Your objective: Leave out the pictures, and retype the remaining data exactly.

+++ Source material

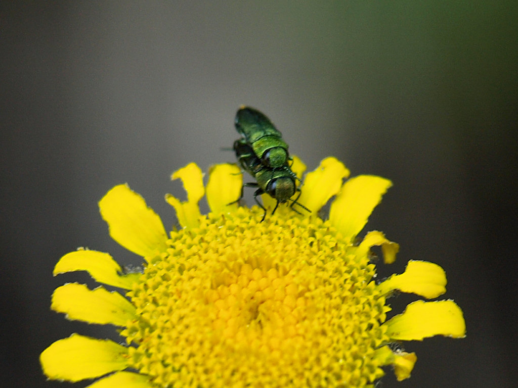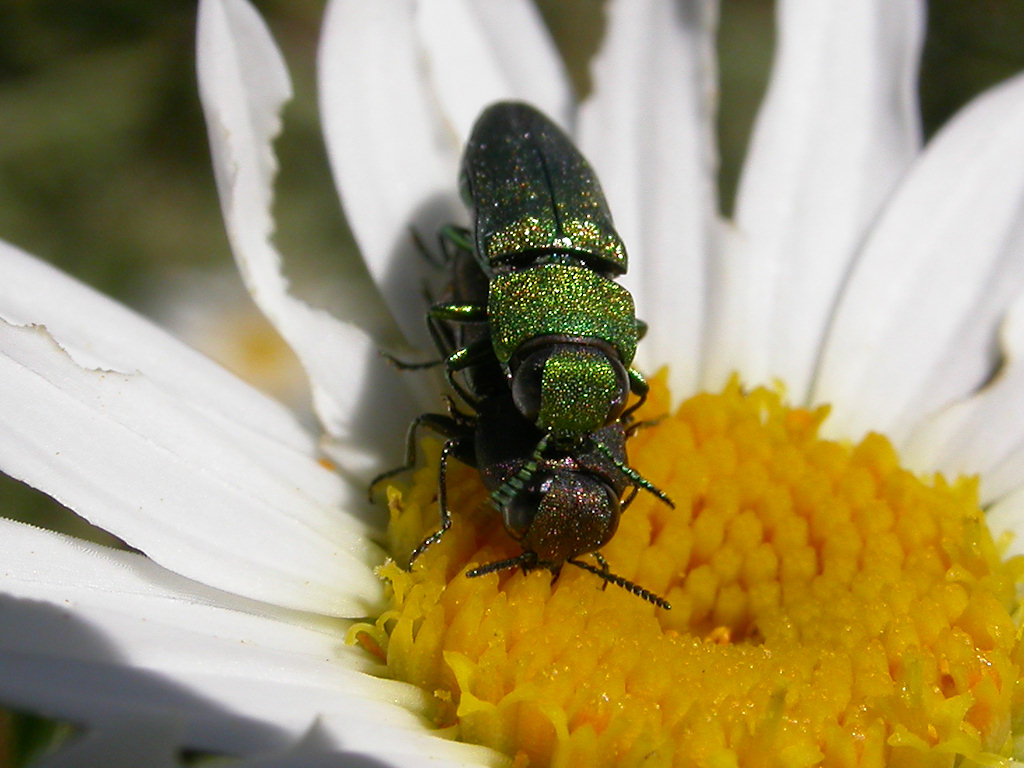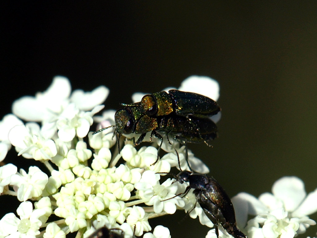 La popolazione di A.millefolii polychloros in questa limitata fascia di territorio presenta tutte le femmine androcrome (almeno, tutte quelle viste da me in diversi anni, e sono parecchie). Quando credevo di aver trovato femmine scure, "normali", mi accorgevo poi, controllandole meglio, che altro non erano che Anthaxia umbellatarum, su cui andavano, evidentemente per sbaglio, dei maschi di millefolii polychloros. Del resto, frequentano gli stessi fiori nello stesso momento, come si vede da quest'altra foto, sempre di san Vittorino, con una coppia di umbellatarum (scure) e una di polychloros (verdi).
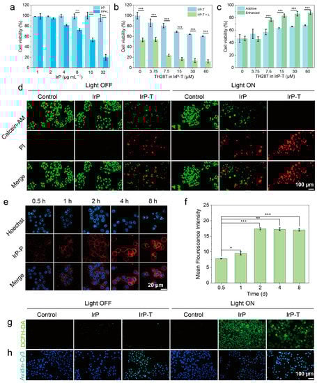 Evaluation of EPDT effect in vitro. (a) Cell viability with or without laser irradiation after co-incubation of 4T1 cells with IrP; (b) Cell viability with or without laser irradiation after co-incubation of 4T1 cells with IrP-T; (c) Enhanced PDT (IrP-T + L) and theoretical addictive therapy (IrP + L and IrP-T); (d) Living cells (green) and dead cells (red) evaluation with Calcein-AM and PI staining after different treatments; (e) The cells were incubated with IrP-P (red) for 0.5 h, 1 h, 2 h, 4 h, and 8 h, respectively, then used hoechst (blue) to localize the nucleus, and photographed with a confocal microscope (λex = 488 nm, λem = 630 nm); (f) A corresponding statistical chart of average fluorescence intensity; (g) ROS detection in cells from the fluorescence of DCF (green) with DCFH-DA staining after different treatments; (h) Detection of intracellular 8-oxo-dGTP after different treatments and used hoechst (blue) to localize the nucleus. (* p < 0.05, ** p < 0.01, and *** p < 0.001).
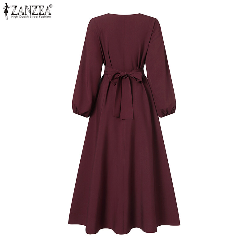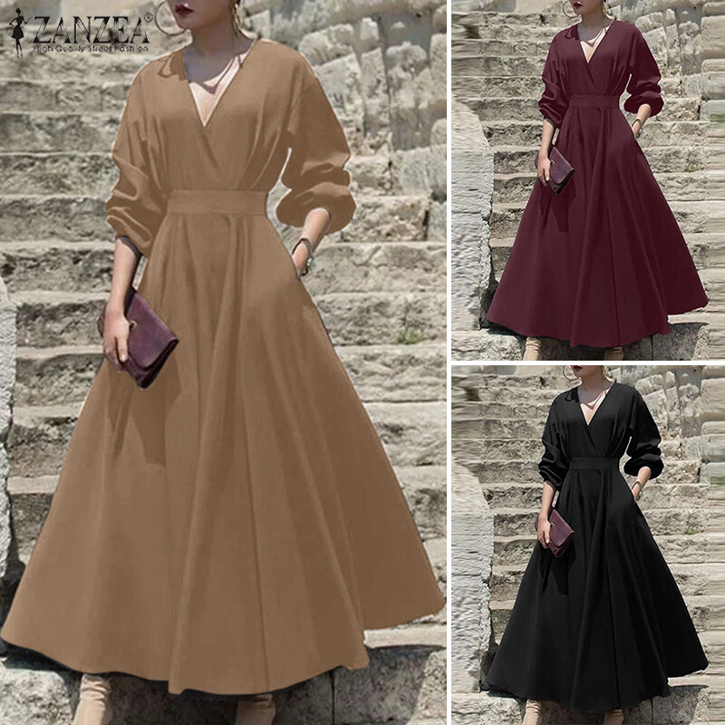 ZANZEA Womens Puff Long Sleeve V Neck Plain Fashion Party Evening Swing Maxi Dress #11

++++++

Final answer:
 La popolazione di A.millefolii polychloros in questa limitata fascia di territorio presenta tutte le femmine androcrome (almeno, tutte quelle viste da me in diversi anni, e sono parecchie). Quando credevo di aver trovato femmine scure, "normali", mi accorgevo poi, controllandole meglio, che altro non erano che Anthaxia umbellatarum, su cui andavano, evidentemente per sbaglio, dei maschi di millefolii polychloros. Del resto, frequentano gli stessi fiori nello stesso momento, come si vede da quest'altra foto, sempre di san Vittorino, con una coppia di umbellatarum (scure) e una di polychloros (verdi).
 Evaluation of EPDT effect in vitro. (a) Cell viability with or without laser irradiation after co-incubation of 4T1 cells with IrP; (b) Cell viability with or without laser irradiation after co-incubation of 4T1 cells with IrP-T; (c) Enhanced PDT (IrP-T + L) and theoretical addictive therapy (IrP + L and IrP-T); (d) Living cells (green) and dead cells (red) evaluation with Calcein-AM and PI staining after different treatments; (e) The cells were incubated with IrP-P (red) for 0.5 h, 1 h, 2 h, 4 h, and 8 h, respectively, then used hoechst (blue) to localize the nucleus, and photographed with a confocal microscope (λex = 488 nm, λem = 630 nm); (f) A corresponding statistical chart of average fluorescence intensity; (g) ROS detection in cells from the fluorescence of DCF (green) with DCFH-DA staining after different treatments; (h) Detection of intracellular 8-oxo-dGTP after different treatments and used hoechst (blue) to localize the nucleus. (* p < 0.05, ** p < 0.01, and *** p < 0.001).
 ZANZEA Womens Puff Long Sleeve V Neck Plain Fashion Party Evening Swing Maxi Dress #11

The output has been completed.